We next sought to characterize and distinguish the IS26- and ISEcp1-mediated mechanisms that were responsible for mobilizing bla_CTX-M-15/bla_OXA-1 from both a plasmid and chromosomal context. Fig. 5A provides an illustration of a pseudocompound transposon (PCT) that can be made of two or more IS26 units, which must include flanking IS26 transposase in direct orientation for potential cointegrate formation to occur and mobilize the passenger AMR genes (40). Fig. 5B shows the highly modular mosaic structures of these PCTs, except for one PCT (MB2910_PCT), include an IS26 or IS26-v1 element upstream of bla_CTX-M-15, disrupting the ISEcp1 ORF. Interestingly, these PCTs with disrupted ISEcp1 were more commonly observed in E. coli than in K. pneumoniae, apart from five ST307 K. pneumoniae isolates (Fig. 5B).
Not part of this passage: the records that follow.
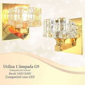 - Soquete: G9 - Tensão: Bivolt - Tipo de lâmpadas: Pode utilizar lâmpada LED ou halógena
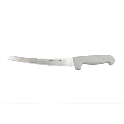 9″ Serrated Bread knife is made from high quality, ice hardened stainless steel, these knives feature a white polypropylene handle with a checkered pattern. Easily sharpened and holds their edge well. The handle is safe, high impact, slip resistant as well as antimicrobial and micro-organism safe. The knife is and low temperature resistant and safe to use in the freezer.
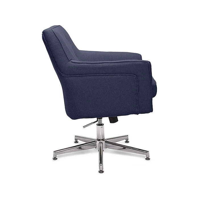 - Twill upholstery in blue; chrome-finished stainless steel base with casters offers 360-degree mobility
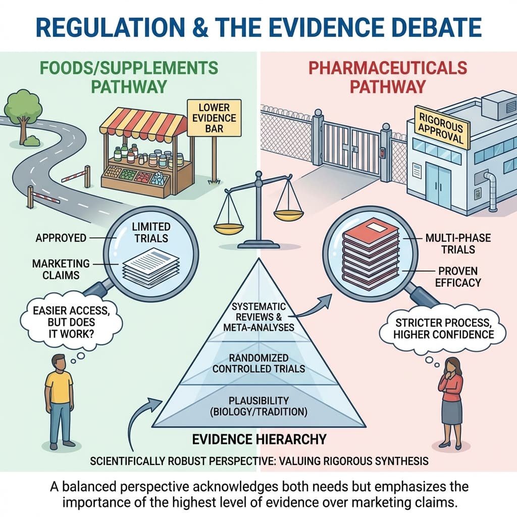 In many countries they are regulated as foods or dietary supplements rather than pharmaceuticals. As a result, the level of clinical evidence required for approval is often lower than for drugs. They do not need to prove efficacy through the same rigorous, multi-phase clinical trials required for new medications.
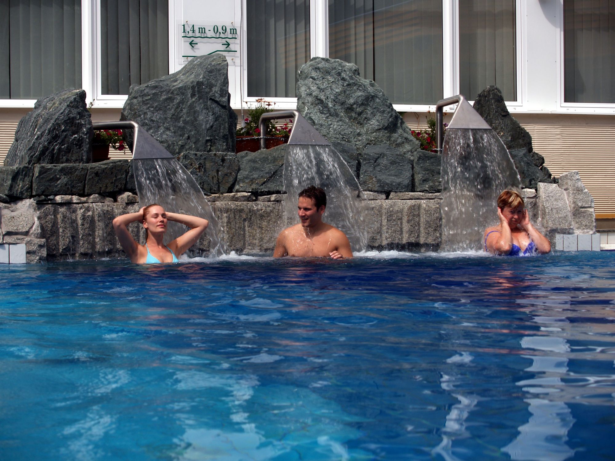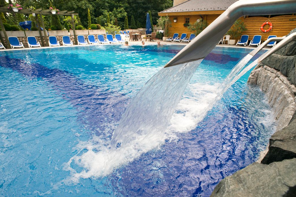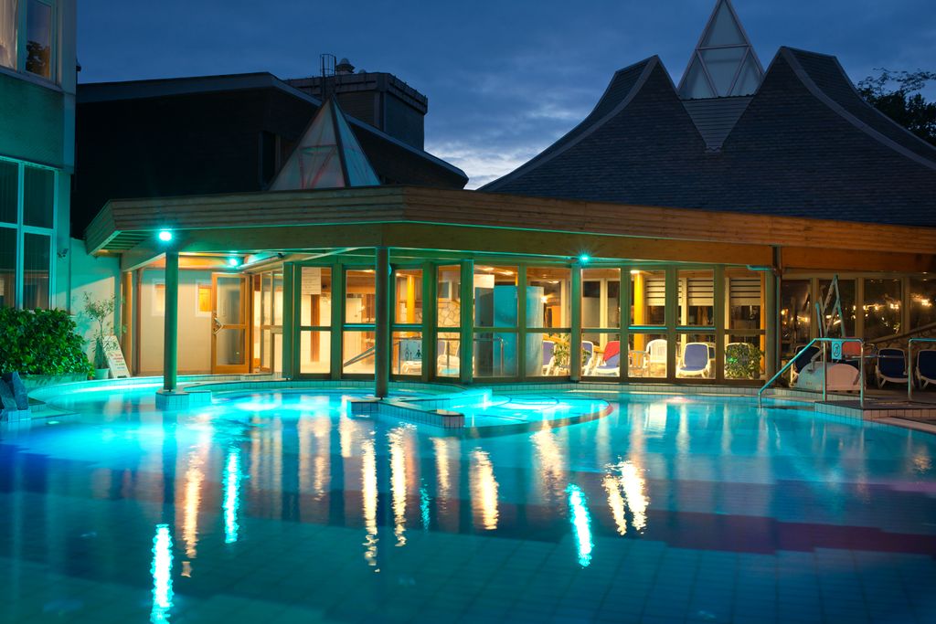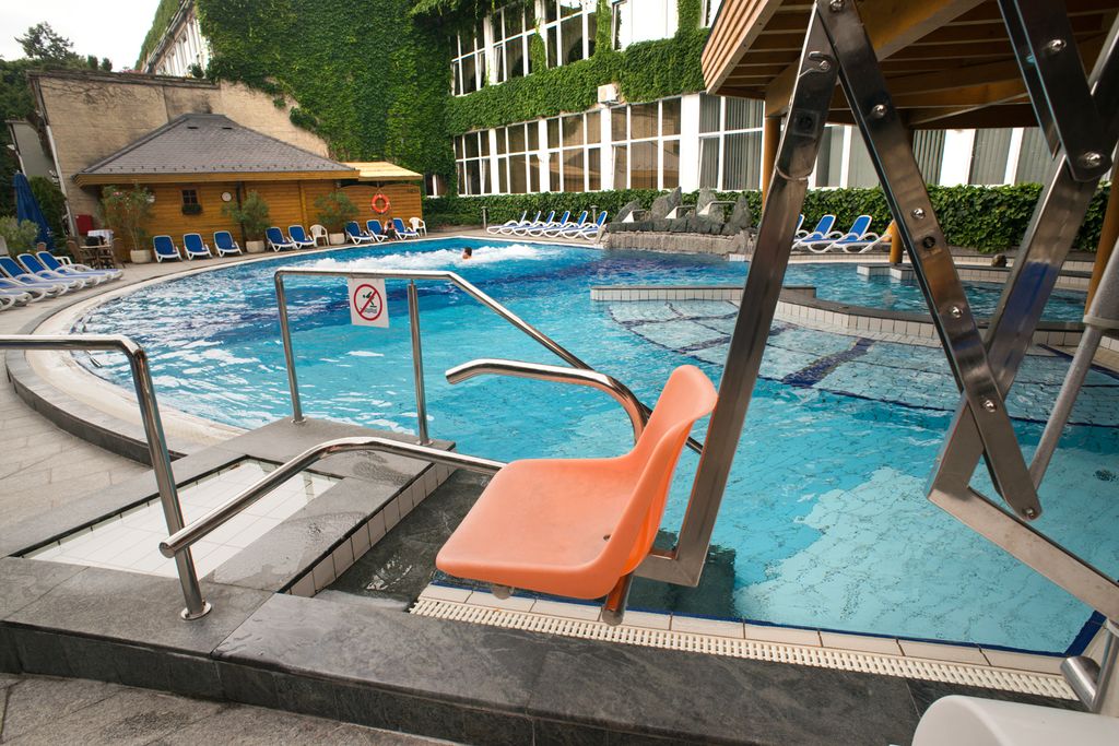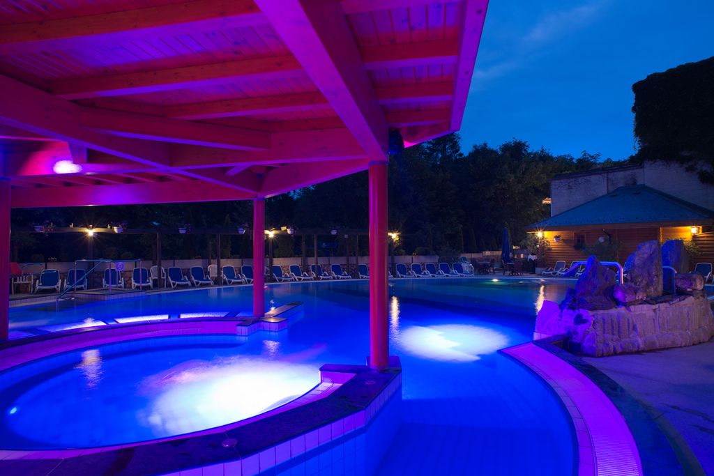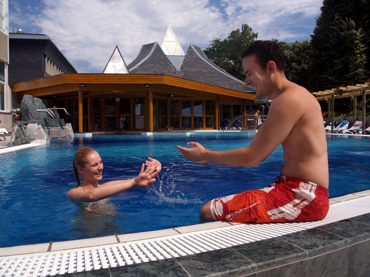 Hostům je k dispozici vodní svět: vnitřní plavecký bazén (10 x 16 m, 28 °C), 2 vnitřní termální bazény (33 °C, 37 °C), whirlpool, venkovní termální bazén 33 °C se sluneční terasou (otevřen od poloviny dubna do poloviny října), venkovní zážitkový bazén o rozloze 200 m² s podvodními masážními tryskami, vodopády a gejzíry, světelnými efekty a hudbou (otevřen po celý rok), jacuzzi, obnovený svět sauny (bio sauna, finská sauna, infra kabina, parní kabina, zážitková sprcha, odpočinková zóna), parní komora, finská sauna v zahradě. Možnost wellness a léčebných procedur za poplatek. Hosté mohou využít fitness, sportovní programy (jóga, aqua aerobic, ranní cvičení, nordic walking).

There was only one isolate (MB2489) with a likely chromosome-to-plasmid IS26 transposase-mediated cointegration formation event (Fig. 5B) based on chromosomal gene content present on the plasmid (41, 42).

FIG 5.

Pseudocompound transposons (PCTs) driving mobilization and amplification of ESBL and narrow-spectrum β-lactamases. Transposase/integrase (dark gray), IS26 transposase (white), IS26-v1 (off-white), ISEcp1 transposase (purple), Tn3-like elements (brown), other antimicrobial genes (red), bla_OXA-1 (blue), bla_CTX-M-15 (green), and other genes (light gray) are labeled accordingly. Striped, purple ISEcp1 transposase ORFs indicate a disruption due to IS26 or IS26-v1. (A) Representation of pseudocompound transposon (MB8236_PCT) flanked by IS26 in direct orientation within a plasmid context. Black arrows flanking IS transposases indicate inverted repeats. There is an 8-bp DNA flanking IS26 on linearized representation of PCT. Position on plasmid is indicated in parenthesis. (B) Plasmid and chromosomal contexts of PCT within E. coli (blue) and K. pneumoniae (red) indicating blastn identities as described in Fig. 4. Stars indicate PCTs arising from the same genome. Green dotted line highlights the PCT that is fully annotated in (A). Linear comparisons between sequences indicate homology shared (min length = 1,000 bp, and >90% identity) in direct (red) and reverse (blue) orientation.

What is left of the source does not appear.